• [Required work] Your answer should consist only of the lines below from the one with "Заместитель генерального прокурора" through the one with "Bu sabah Fas’taki", copied exactly.

• [Provided data]
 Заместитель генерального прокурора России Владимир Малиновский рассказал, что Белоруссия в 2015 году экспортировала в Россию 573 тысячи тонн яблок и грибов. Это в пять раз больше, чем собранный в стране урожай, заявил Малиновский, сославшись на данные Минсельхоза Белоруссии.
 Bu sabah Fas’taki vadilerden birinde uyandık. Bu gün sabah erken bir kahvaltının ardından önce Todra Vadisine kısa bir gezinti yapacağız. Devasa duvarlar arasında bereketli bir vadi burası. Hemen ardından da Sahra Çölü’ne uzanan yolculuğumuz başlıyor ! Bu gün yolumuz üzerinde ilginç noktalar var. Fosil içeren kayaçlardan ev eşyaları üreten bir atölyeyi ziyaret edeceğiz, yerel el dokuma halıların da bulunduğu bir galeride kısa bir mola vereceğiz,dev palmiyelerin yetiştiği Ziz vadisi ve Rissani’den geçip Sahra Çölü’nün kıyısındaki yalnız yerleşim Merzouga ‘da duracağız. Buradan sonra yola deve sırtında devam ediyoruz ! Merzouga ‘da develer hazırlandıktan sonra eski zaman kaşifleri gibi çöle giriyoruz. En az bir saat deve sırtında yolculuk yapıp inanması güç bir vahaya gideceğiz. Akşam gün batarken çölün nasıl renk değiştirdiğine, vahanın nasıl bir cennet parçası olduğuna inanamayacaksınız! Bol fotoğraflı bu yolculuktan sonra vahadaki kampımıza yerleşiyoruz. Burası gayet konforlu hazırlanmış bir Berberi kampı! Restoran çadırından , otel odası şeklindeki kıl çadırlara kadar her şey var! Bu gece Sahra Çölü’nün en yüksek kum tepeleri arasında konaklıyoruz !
...
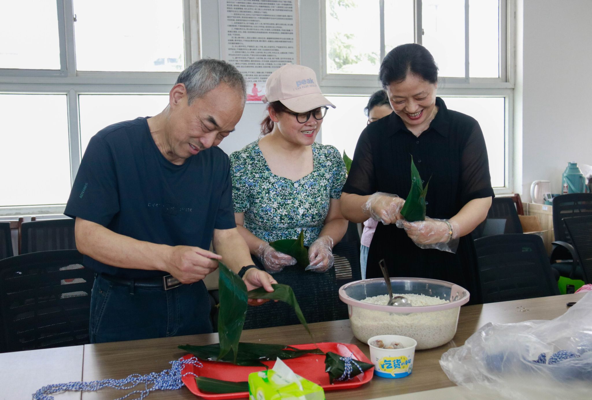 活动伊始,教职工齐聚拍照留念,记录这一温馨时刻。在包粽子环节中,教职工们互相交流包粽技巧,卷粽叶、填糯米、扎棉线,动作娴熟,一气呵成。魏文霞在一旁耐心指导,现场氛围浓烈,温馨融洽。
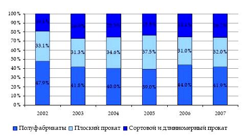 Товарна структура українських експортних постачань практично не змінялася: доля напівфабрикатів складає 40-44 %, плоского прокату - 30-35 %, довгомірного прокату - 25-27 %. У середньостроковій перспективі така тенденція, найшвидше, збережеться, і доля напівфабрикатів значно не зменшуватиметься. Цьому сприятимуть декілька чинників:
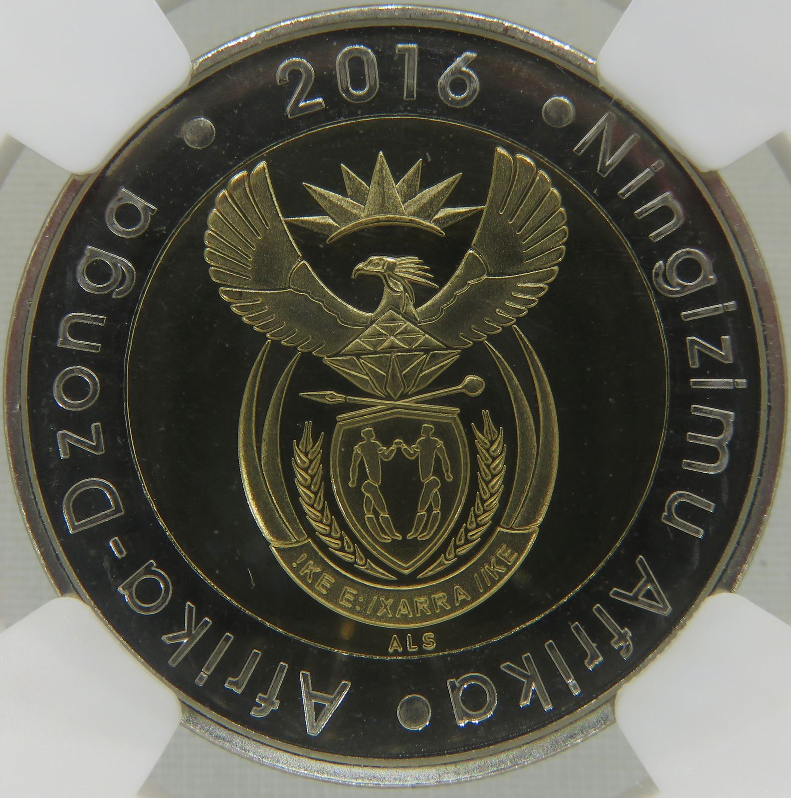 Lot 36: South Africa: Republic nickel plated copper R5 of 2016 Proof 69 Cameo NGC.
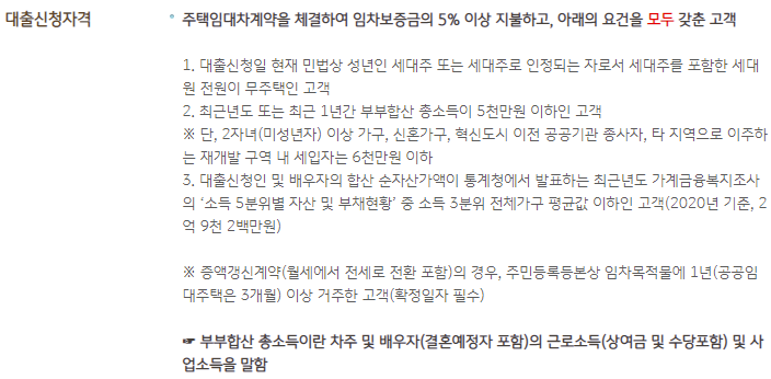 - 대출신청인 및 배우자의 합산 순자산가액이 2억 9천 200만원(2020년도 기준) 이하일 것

• [Exercise answer]
 Заместитель генерального прокурора России Владимир Малиновский рассказал, что Белоруссия в 2015 году экспортировала в Россию 573 тысячи тонн яблок и грибов. Это в пять раз больше, чем собранный в стране урожай, заявил Малиновский, сославшись на данные Минсельхоза Белоруссии.
 Bu sabah Fas’taki vadilerden birinde uyandık. Bu gün sabah erken bir kahvaltının ardından önce Todra Vadisine kısa bir gezinti yapacağız. Devasa duvarlar arasında bereketli bir vadi burası. Hemen ardından da Sahra Çölü’ne uzanan yolculuğumuz başlıyor ! Bu gün yolumuz üzerinde ilginç noktalar var. Fosil içeren kayaçlardan ev eşyaları üreten bir atölyeyi ziyaret edeceğiz, yerel el dokuma halıların da bulunduğu bir galeride kısa bir mola vereceğiz,dev palmiyelerin yetiştiği Ziz vadisi ve Rissani’den geçip Sahra Çölü’nün kıyısındaki yalnız yerleşim Merzouga ‘da duracağız. Buradan sonra yola deve sırtında devam ediyoruz ! Merzouga ‘da develer hazırlandıktan sonra eski zaman kaşifleri gibi çöle giriyoruz. En az bir saat deve sırtında yolculuk yapıp inanması güç bir vahaya gideceğiz. Akşam gün batarken çölün nasıl renk değiştirdiğine, vahanın nasıl bir cennet parçası olduğuna inanamayacaksınız! Bol fotoğraflı bu yolculuktan sonra vahadaki kampımıza yerleşiyoruz. Burası gayet konforlu hazırlanmış bir Berberi kampı! Restoran çadırından , otel odası şeklindeki kıl çadırlara kadar her şey var! Bu gece Sahra Çölü’nün en yüksek kum tepeleri arasında konaklıyoruz !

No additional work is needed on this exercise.